----- Data to use -----

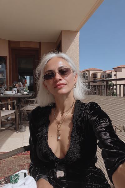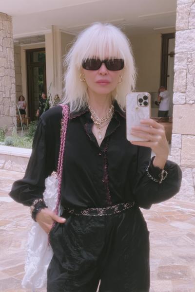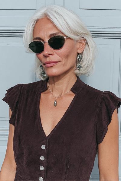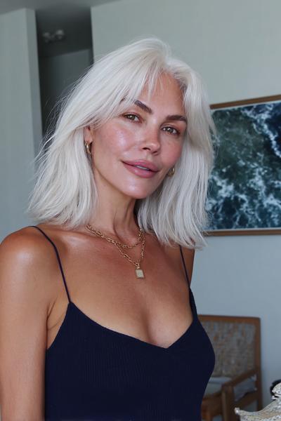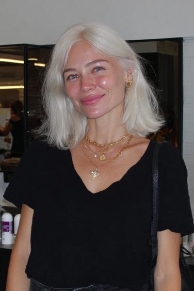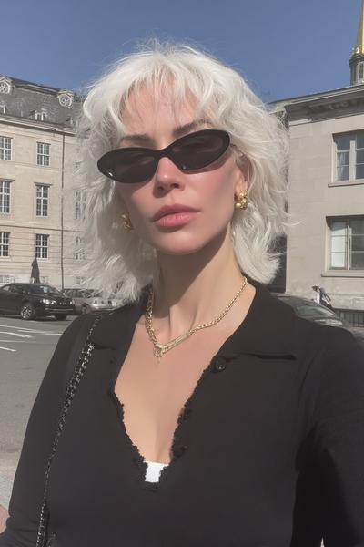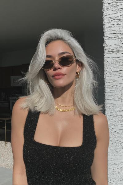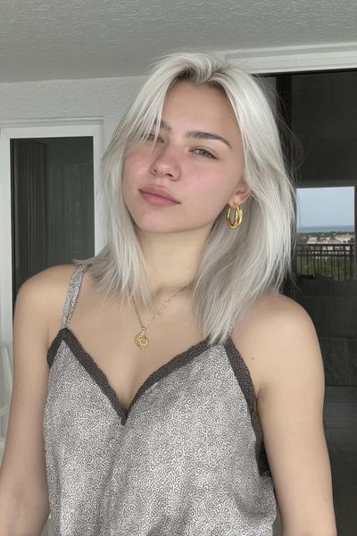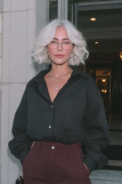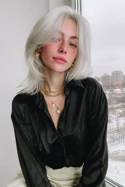 Dieser Seitenscheitel öffnet das Gesicht, die silbrigen Längen wirken luxuriös. Ein bisschen Volumenpuder am Ansatz, Spitzen leicht eindrehen – fertig ist der edgy, alltagstaugliche Chic.
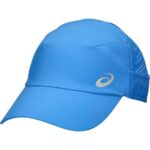 アシックスのランニングウーブンキャップ3013B090は、ユニセックスの大人用で、カラーはブルーコースト(400)。軽量で通気性に優れ、ランニング時の快適さを追求したデザインです。
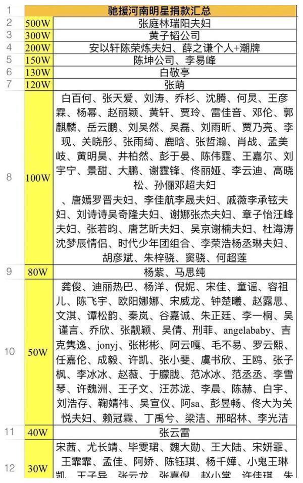去年河南暴雨引發(fā)了一系列的災(zāi)情,明星們也紛紛發(fā)揮帶頭作用給河南災(zāi)區(qū)捐款。
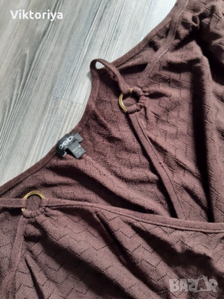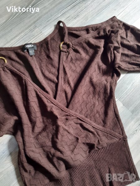Блузата е оригинална, купена от магазин BEBE в Америка. Много е интересна и стилна. С голи рамене, Със златни халки на раменете, три четвъртен ръкав, голямо деколте и прилепната на кръста.
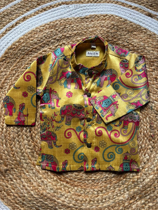 Traditional Yellow Aane Print Kurta for baby boy ethnic top wear
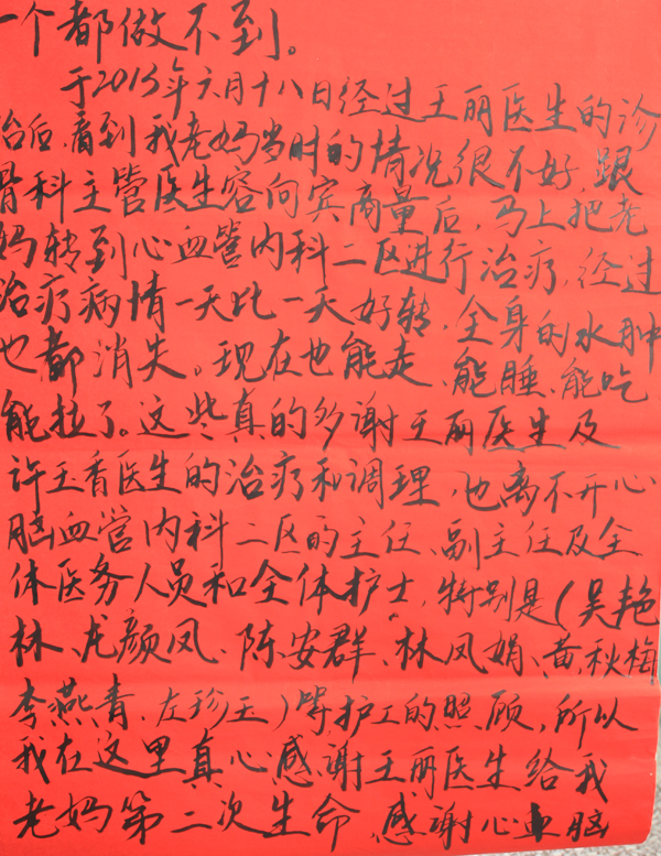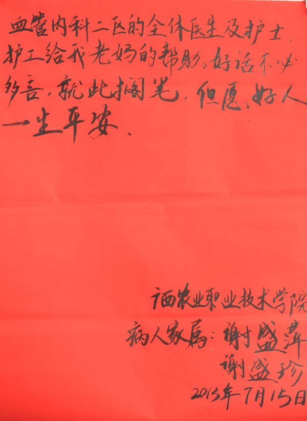 于2013年六月十八日经过王丽医生的诊断后,看到我老妈当时的情况很不好,跟骨科主管医生容向宾商量后,马上把老妈转到心血管内科二区进行治疗,经过治疗病情一天比一天好转,全身的水肿也都消失。现在也能走,能睡,能吃,能拉了。这些真的多谢王丽医生及许玉香医生的治疗及调理,也离不开心血管内科二区的主任、副主任及全体医务人员和全体护士,特别是(吴艳林、龙颜风、陈安群、林凤娟、黄秋梅、李燕青、左珍玉)等护工的照顾,所以我在这里真心感谢王丽医生给我老妈的第二次生命,感谢心血管内科二区的全体医生及护士、护工给我老妈的帮助。

-----

### What to do
Within the entries above, the lines from the one containing "去年河南暴雨引發(fā)了一" through the one containing "Traditional Yellow Aane" are to be transcribed exactly, ends included, pictures excluded.

### Your solution
去年河南暴雨引發(fā)了一系列的災(zāi)情,明星們也紛紛發(fā)揮帶頭作用給河南災(zāi)區(qū)捐款。
Блузата е оригинална, купена от магазин BEBE в Америка. Много е интересна и стилна. С голи рамене, Със златни халки на раменете, три четвъртен ръкав, голямо деколте и прилепната на кръста.
 Traditional Yellow Aane Print Kurta for baby boy ethnic top wear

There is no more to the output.